Back to the matter at hand: Hot single people. When Rosario Dawson was with Jason Lewis, she went through a phase of unfortunate bangs and frequently looking a little unshowered, not to mention that she paraded around in a lot of ill-fitting clothes.

So while I'm sure it was a tough breakup, I'm pleased to see her coming out of it looking generally much better.

The skin is great, her bangs have grown in nicely, and I'd like to buy her shoulders.

Unfortunately for her, she chose a great color on a really boring dress -- and while we'll take boring over, say, giant cut-outs over the ass in the shape of the Oakland Raiders logo, poor ol' Rosario had the misfortune of stepping into this thing on a night when Cameron Diaz did it better. While I have nothing against Rosario (except perhaps the movie Rent, but that wasn't really her fault; people, grow up and pay your freaking rent and stop whining), I think you'll agree that Cam took this concept from average to totally awesome.

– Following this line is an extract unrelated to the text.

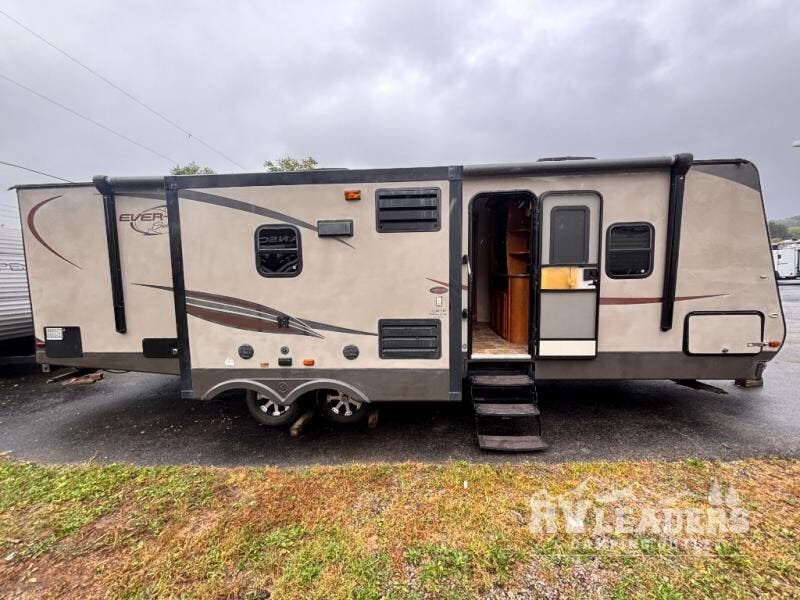 Everything you need for the perfect RV trip is packed into this 2013 EverGreen RV Ever-Lite 30KIS-DS. Be a part of the EverGreen RV family with this 2013 EverGreen RV Ever-Lite 30KIS-DS. This rig sleeps 5, so it makes the perfect family RV. Two slides expand this rig into a comfy living space. If you’re thinking of heading off grid, this rig has a 56 fresh water tank. While the inside of this rig is enough on its own, the outside also features slideout.

Julianne Moore, what gives?

This is a prime example of someone with SO MUCH right about her -- pretty red hair! Creamy unblemished skin! Dimples! Talent! The ability to somehow make people forget that she was in both Nine Months AND that terrible movie where David Duchovny decided that the best way to make people stop thinking of him as Agent Mulder was to appear in a film in which he's investigating aliens with the help of a small redhead! -- who goes SO VERY WRONG.

Let's have a frank moment, you guys. I love Julianne Moore. You love Julianne Moore. I'm sure Julianne Moore's parents and friends and husband and neighbors love Julianne Moore. But she's wearing essentially an ill-fitting pea coat over tights. This works only if you're about to rip it off and burst into something originally choreographed by Bob Fosse.  And while it's true that I wasn't actually AT the Met Costume Institute Gala Ball Party Bus Beer Boat or whatever it's actually called, I am pretty sure that no one made Julianne Moore perform.